_TRY IT:_
Only the lines from the one bearing "背面には、ファスナーポケット" through the end of the listing belong in your response, restated word for word and without pictures.

----------------------------------------

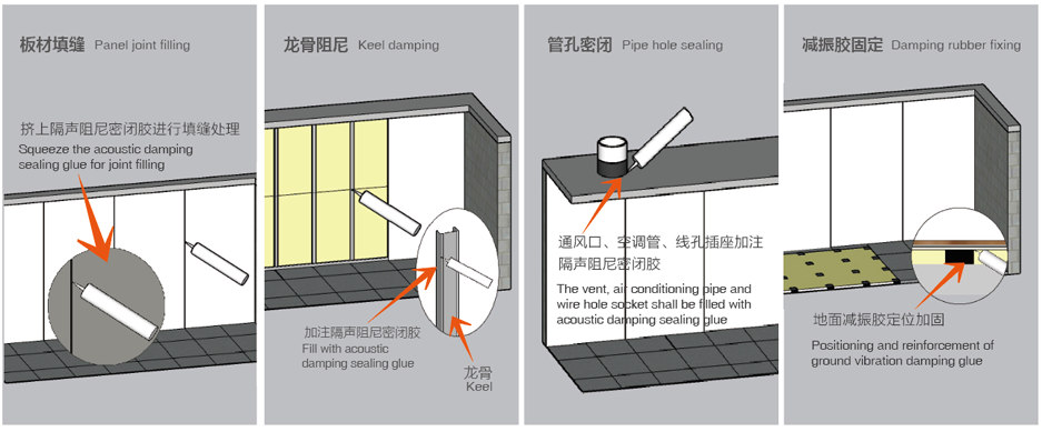 天花、墻體和地面的隔聲結構交合處需要作軟接觸處理,不能做硬接觸。縫隙填充是隔聲處理的最后一道工序,也是最為重要的一環。
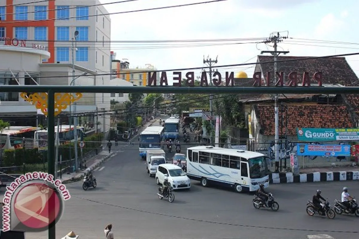 Sejumlah bus pariwisata mulai berdatangan menuju area parkir ngabean Notoprajan, Ngampilan, Yogyakarta. Senin (1/6). Meskipun puncak musim liburan sekolah masih sebulan lagi peningkatan jumlah wisatawan yang berkunjung ke yogyakarta mulai terasa. (Foto Antara/Prasetya Nandi Wardhana/ags/15)
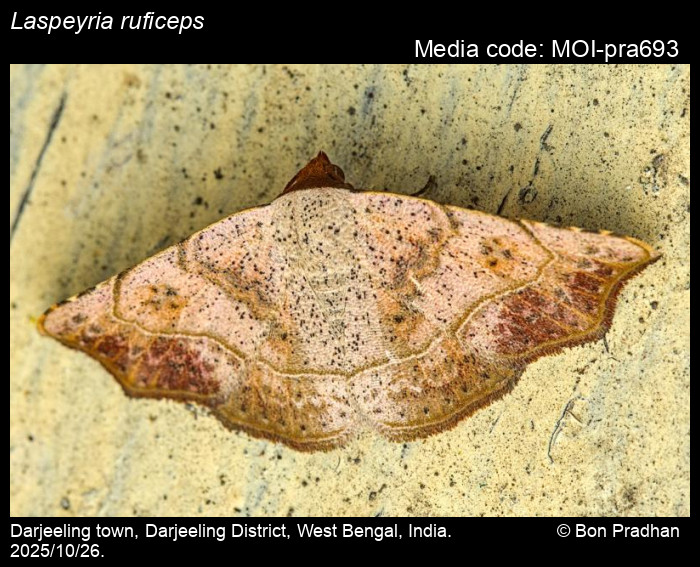 Note: Its is likely the specimen codes cq899, cr115 and cr116, all from NE India, represent a different species of Laspeyria and have the following differences from traditional ruficeps from peneninsular India: wings heavily tinged with pink, forewing more deeply excised near apex and not evenly curved, but oblique in the middle, and the antemedial being broader than ruficeps.
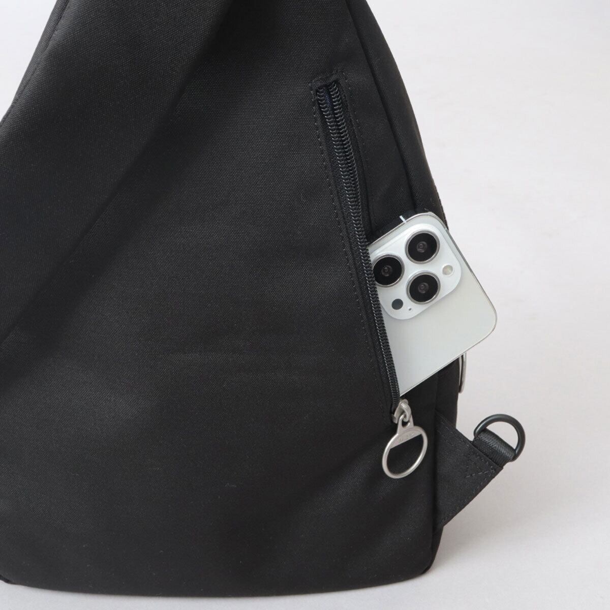 背面には、ファスナーポケットを配置。お財布やスマートフォンを収納して、セキュリティポケットとしての使用もおすすめ。
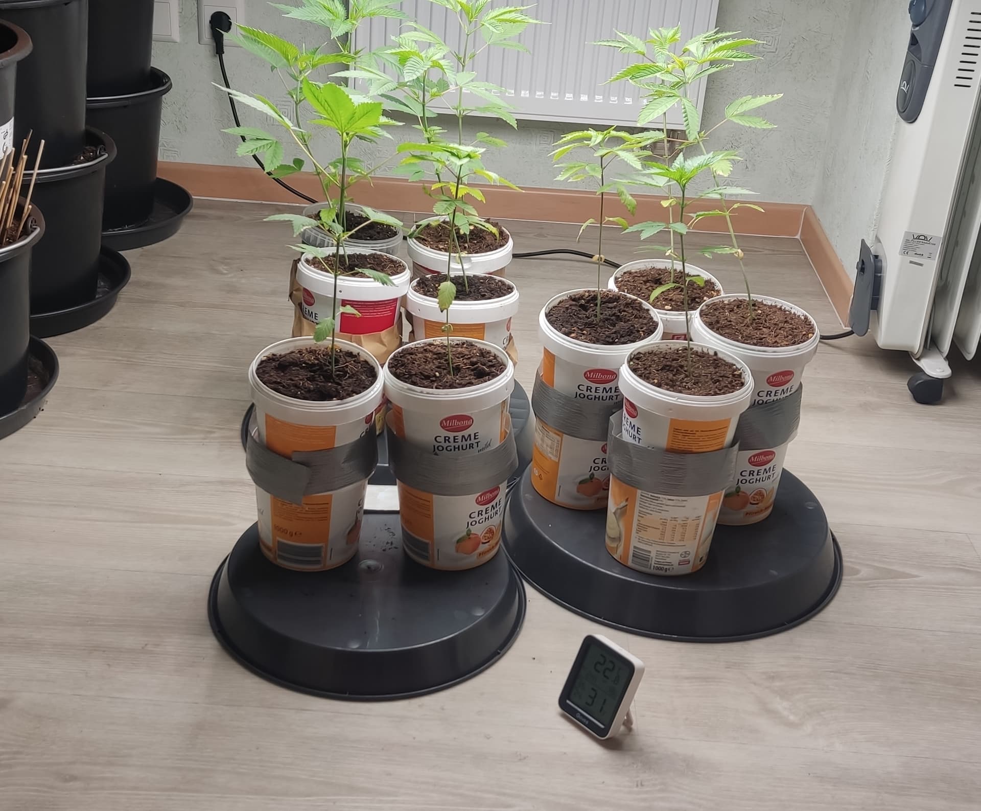 allerdings ist das erstmal nicht dein hauptproblem, sondern das umtopfen deiner stängel aus dieser abenteuerlichen doppeljoghurtbecherkonstruktion, ohne die wurzeln zu beschädigen.

----------------------------------------

_EXERCISE OUTPUT:_
 背面には、ファスナーポケットを配置。お財布やスマートフォンを収納して、セキュリティポケットとしての使用もおすすめ。
 allerdings ist das erstmal nicht dein hauptproblem, sondern das umtopfen deiner stängel aus dieser abenteuerlichen doppeljoghurtbecherkonstruktion, ohne die wurzeln zu beschädigen.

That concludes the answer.